For cue and target analyses, amplitude was calculated as the mean voltage in a specified temporal window and electrodes site. The temporal windows were chosen on the basis of visual inspection of the grand average waveforms. The electrodes selection for both cue-locked and target-locked analyses was a two-stage process. First, several electrodes were selected for each potential of interest based on the topographical distribution of the scalp activity (see Figs. 1 and 2). Next, electrodes for statistical analyses were chosen by their maximal positive or negative voltage value from each cluster, respectively. Thus, each potential was represented by an average of the selected electrodes. Specifically, the CNV potential was represented at frontal and central sites as the maximal negative mean amplitude between 1500 and 2000 ms after cue onset at electrode Fz, FCz, Cz, and CPz. The P3 potential was represented at posterior sites as the maximal mean amplitude between 240 and 440 ms after target onset at Pz and POz.

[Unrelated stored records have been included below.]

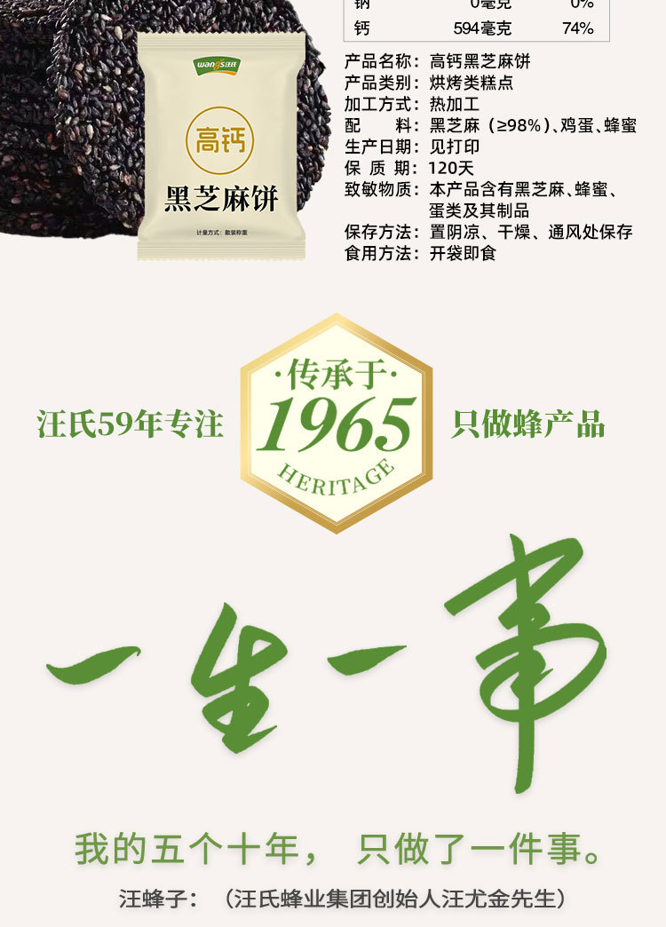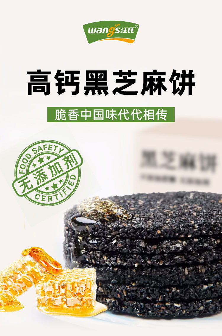 【一箱50包】汪氏甄选高钙黑芝麻早餐男女老少零食蜂蜜饼干不添加蔗糖
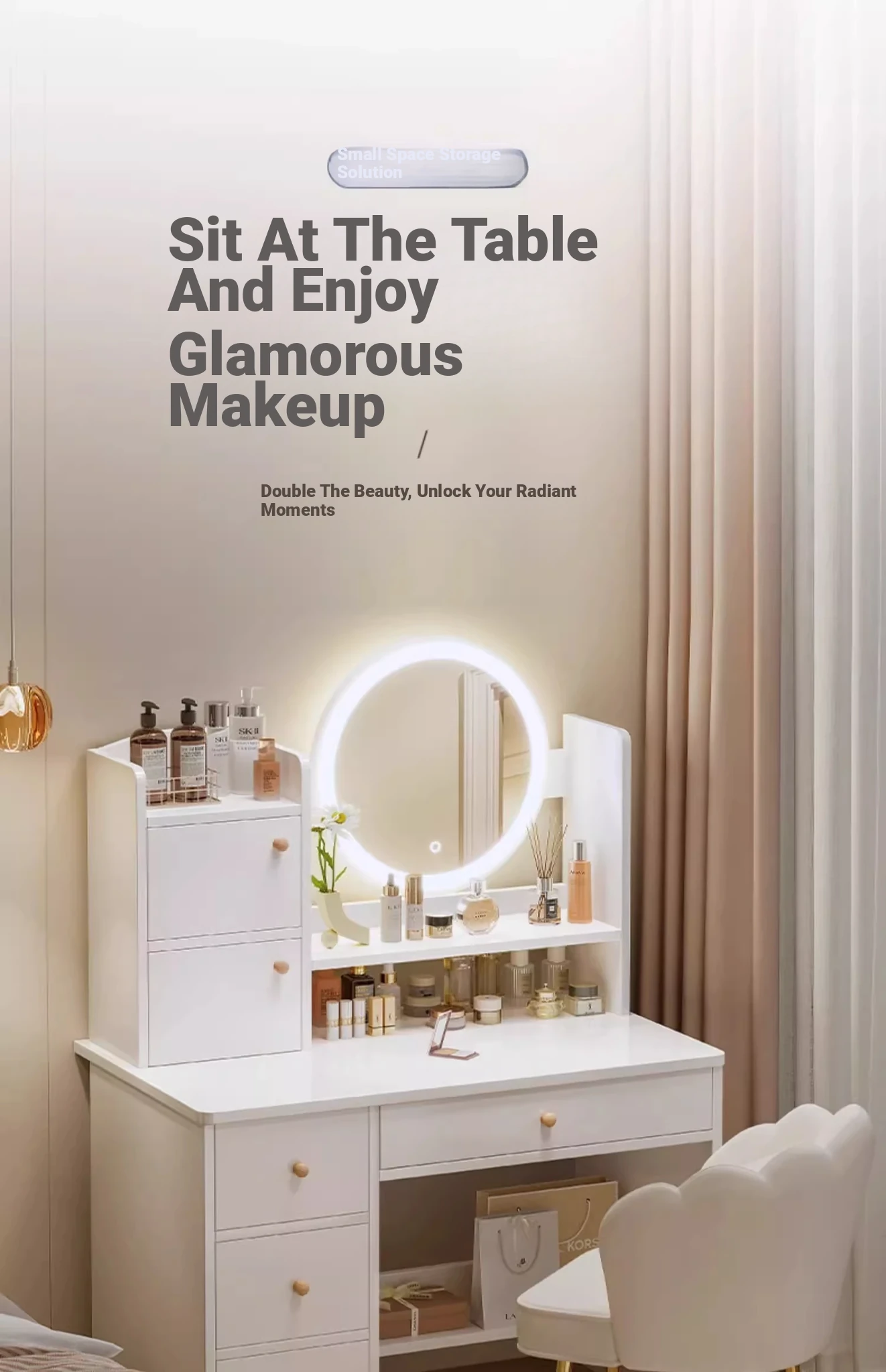Compact Mini Dressing Table - Modern and Stylish Makeup Vanity for Small Spaces, Perfect for Bedrooms. Ideal for New Apartments, Chic Design with Ample Storage.
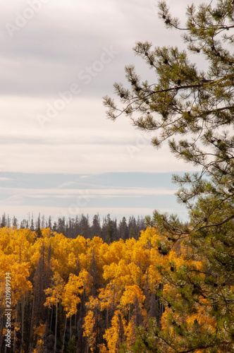 © Sarah, Fototapeta premium Pine Tree with Aspen and Pine Forest in the Background, Wyoming
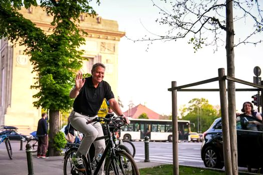 Iată-l în acest video la o plimbare, alături de vicepremierul Tanczos Barna, un adevărat sportiv, şi Steven van Groningen, directorul general al Raiffeisen România, de Ziua Bicicletei, pe vremea când Nicuşor Dan era primarul general al Bucureştiului.

Grand average waveforms and topographic scalp distribution of the CNV as a function of group and block. Grand average waveforms are presented at Fz electrode. Time zero represents the cue stimulus appearance. Separate graphs for higher-fit (A) and lower-fit (B) are shown for clarity. Color lines are used to represent the waveforms as a function of block. Gray marks show the time windows analyzed (i.e., 1500–2000 ms). Topographic scalp distribution of CNV amplitude (spectrum scale: blue to red) is illustrated for the higher-fit group (C) and lower-fit group (D) as a function of block. The electrode sites included in the analyses are highlighted in bold in the topographic plots.
Grand average waveforms and topographic scalp distribution of the P3 amplitude as a function of group and block. Grand average waveforms are presented at Pz electrode. Time zero represents the target stimulus appearance. Separate graphs for higher-fit (A) and lower-fit (B) are shown for clarity. Color lines are used to represent the waveforms as a function of block. Gray marks show the time windows analyzed (i.e., 240–440 ms). Topographic scalp distribution of P3 amplitude (spectrum scale: blue to red) is illustrated for the higher-fit group (C) and lower-fit group (D) as a function of block. The electrode sites included in the analyses are highlighted in white in the topographic plots.

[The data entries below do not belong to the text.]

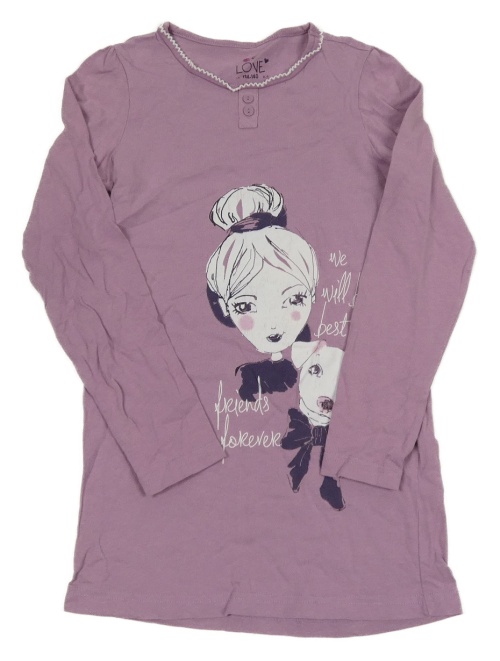 Světlefialová tunika s dívkou a pejskem a nápisy TCM
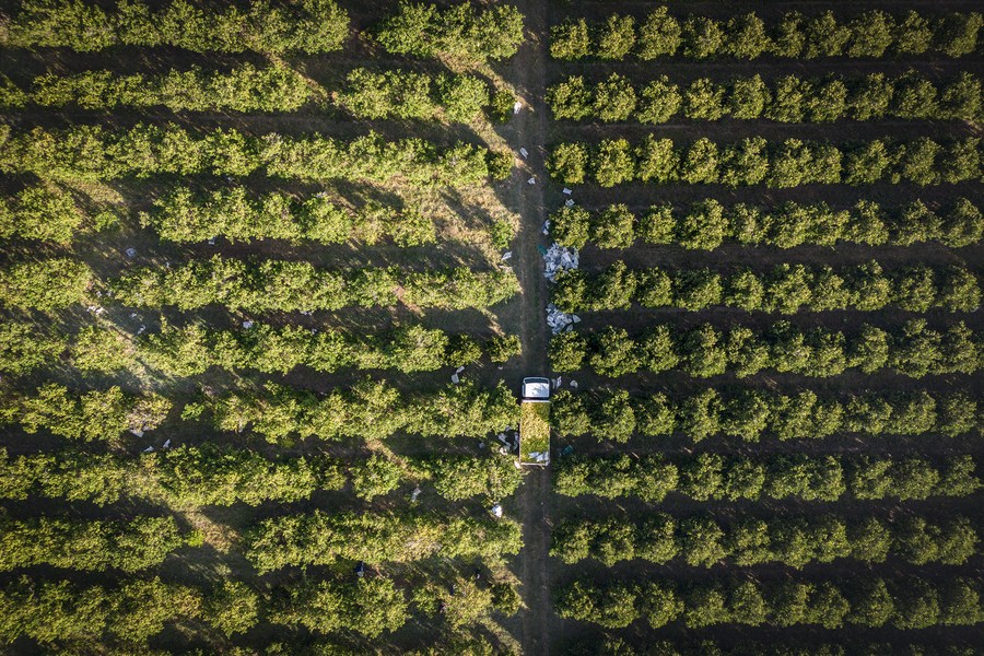 這是2023年5月24日在南非西北省拍攝的一處柑橘農(nóng)場(chǎng)(無人機(jī)照片)。(新華社發(fā),希拉茲·穆罕默德攝)
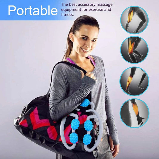 Aparat Manual Pentru Masaj Muscular, 5 Role, Brate, Umeri, Picioare, Solduri, Gri/Albastru + 10 plasturi Kinoki CADOU
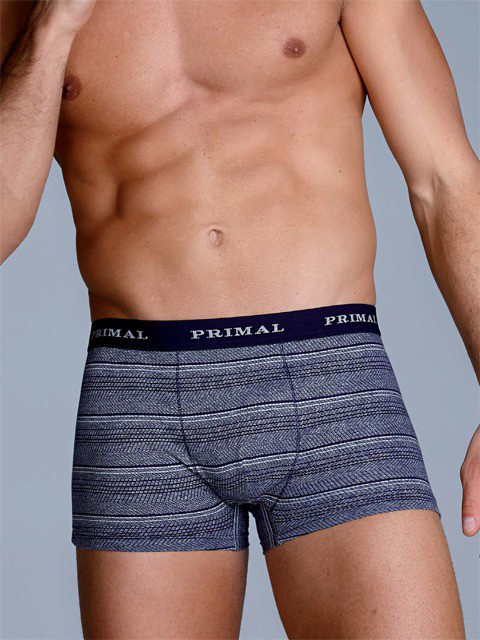 Мужские трусы-боксеры из хлопка с эластаном, на поясе широкая резинка с круговой надписью "Primal".

Design and statistical analysis.

Three sets of dependent variables were evaluated in this study: 1) Participants’ descriptive and fitness data (i.e., anthropometrical and incremental exercise test parameters), 2) behavioral data (i.e., overall mean RT), and 3) ERP data (i.e., CNV and P3 mean amplitude values). For the behavioral and ERP data, five temporal blocks of 12 min were considered for the analysis to measure the time-on-task effect.

Nonparametric permutation tests were used to analyze the data. Importantly, these tests are exact, unbiased, and assumption-free in terms of the underlying distribution of the data (11,28). We followed a general label exchange procedure for within-participants factorial designs (12) using a Monte Carlo approach.

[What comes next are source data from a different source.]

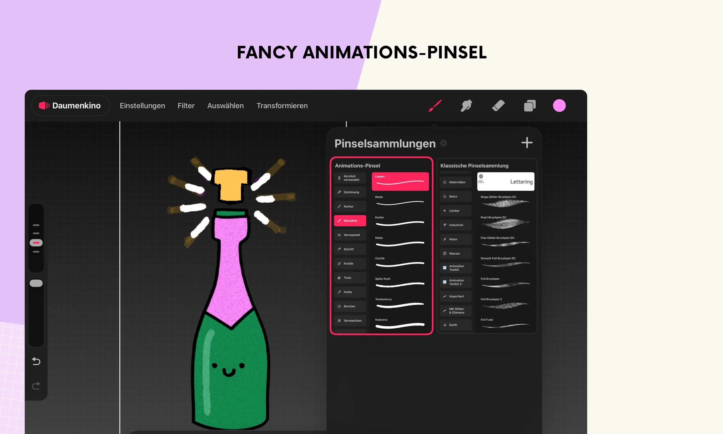 Die Pinselbibliothek wurde angepasst und es gibt jetzt Pinselsammlungen. Hier kannst du wählen zwischen der klassischen Pinselsammlung und richtig coolen Animationspinseln. Außerdem kannst du eine eigene Sammlung mit hinzufügen.
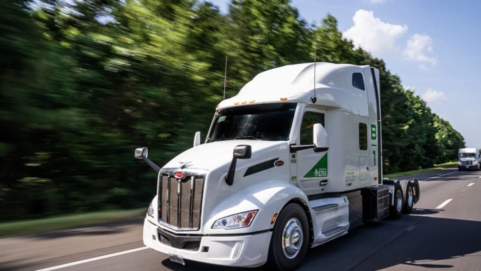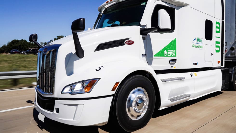 Hyliion’s ERX Hypertruck has a fully battery-electric drivetrain, but its near-zero-emissions natural gas range extender engine can take the truck up to 1,000 miles away from home.
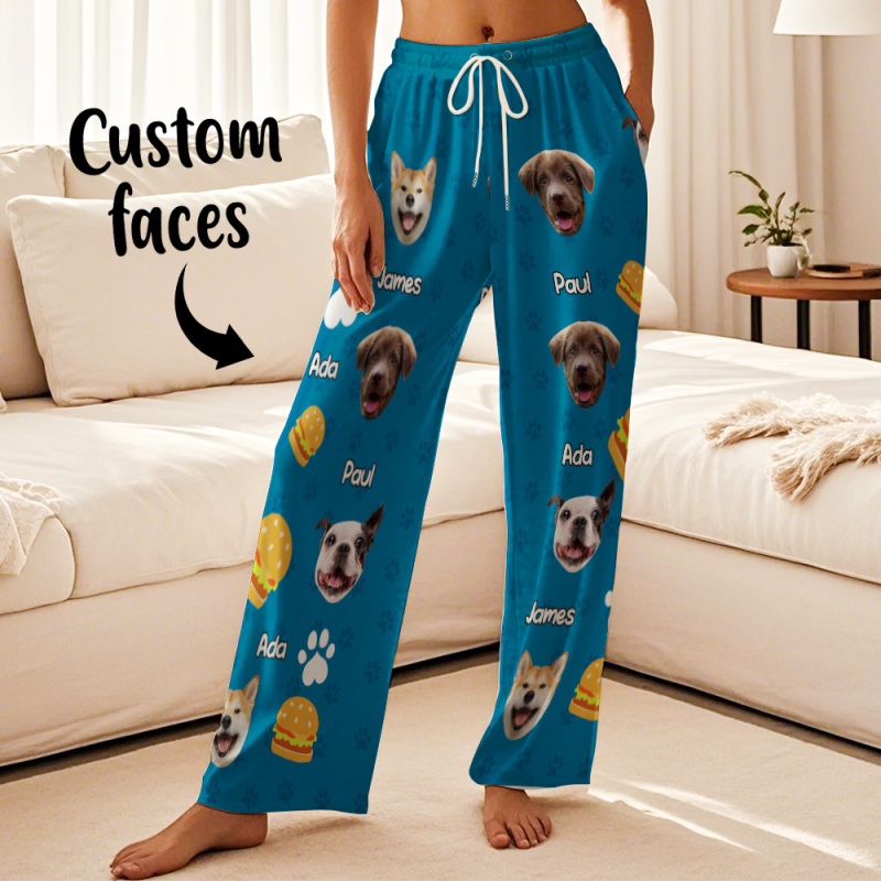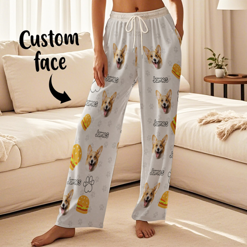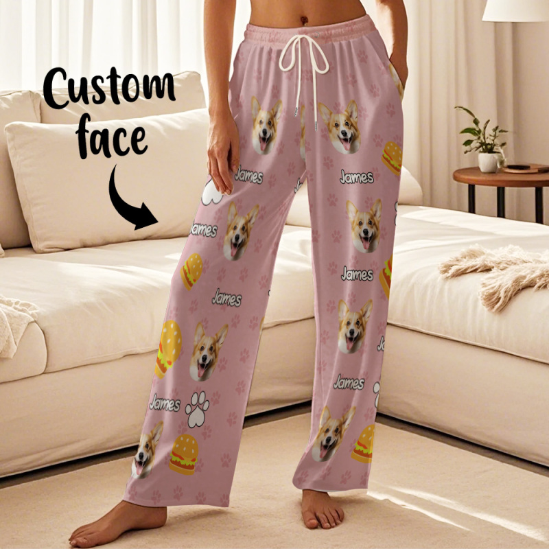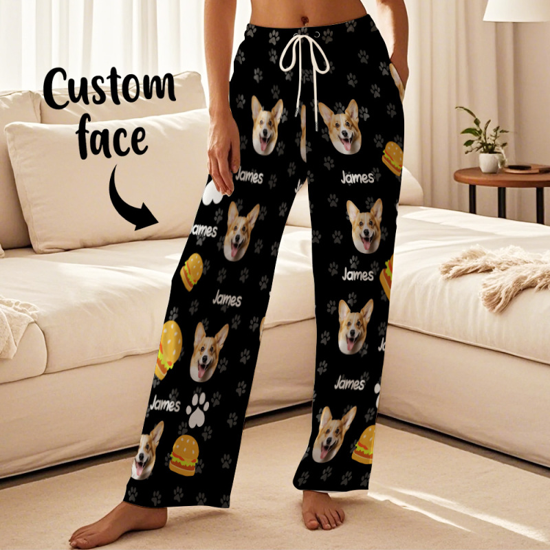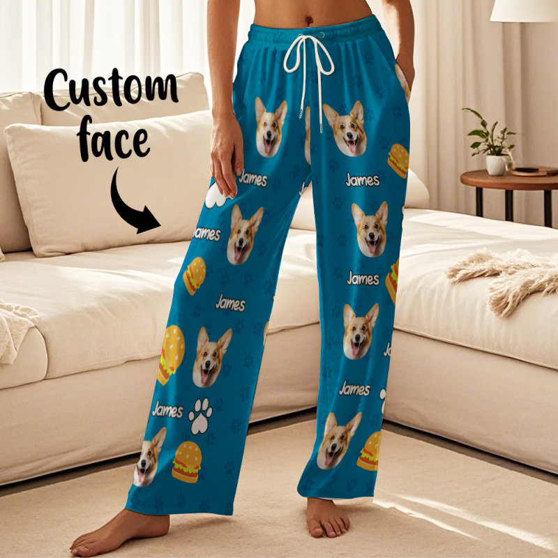 Custom Photo Funny Dog Cat Face Pajamas Pants Personalized Photo Bottoms Pet Lovers Pajamas
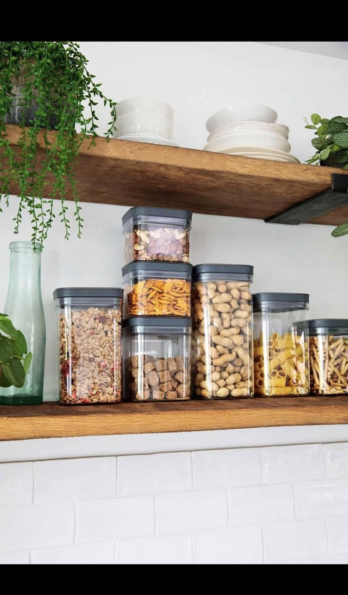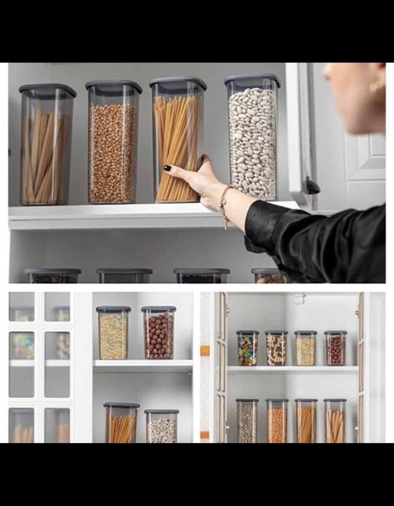 9 containere stivuibile pentru ordine în frigider și dulap.3 dimensiuni pentru orice tip de mâncare (0,57L / 1,17L / 1,77L).
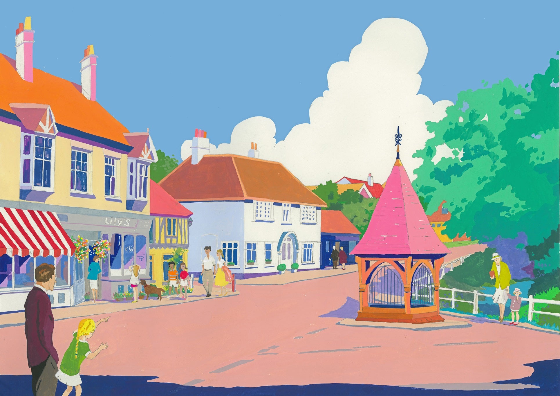 Bovingdon High Street showing the Ryder Memorial Well.

The participants’ descriptive and fitness data were analyzed using one-way between-groups design. For the behavioral and ERP data, we had a factorial design with the between-groups variable of group (higher-fit and lower-fit) and the within-groups variable of time-on-task (block 1, block 2, block 3, block 4, and block 5). Significant main effects and interactions were further explored by using post hoc, pairwise comparisons, and separate main effects analyses when appropriate. Multiple comparisons correction was accounted for by applying the false discovery rate (FDR) approach. 95% confidence intervals (CI) and probability threshold values are reported.


Descriptive and Fitness Data

The permutations tests for independent samples revealed significant differences between groups in all the incremental test parameters (i.e., time to VAT (s), relative power output (W·kg−1) at VAT and V˙O2 (mL·min−1·kg−1) at VAT) (all P’s < 0.01). All data showed evidence of the difference in fitness level between groups (see Table 1). There were no statistically significant differences between groups in any of the anthropometrical parameters (all P’s ≥ 0.11).

Behavioral Results

Participants’ mean RT results showed significant main effects of group (P < 0.01) and time-on-task (P < 0.01). Crucially, both main effects were better qualified by the significant interaction between group and time-on-task (P < 0.01; see Fig. 3). Pairwise comparisons (FDR corrected; P-threshold = 0.005) were performed between the higher-fit and lower-fit group within each temporal block. The comparisons showed significant differences between groups at blocks 1, 2, and 3 (all P’s ≤ 0.005) with higher-fit being faster than lower-fit group (see Fig. 3). There were no significant differences when comparing both groups in the remaining blocks (all P’s ≥ 0.78).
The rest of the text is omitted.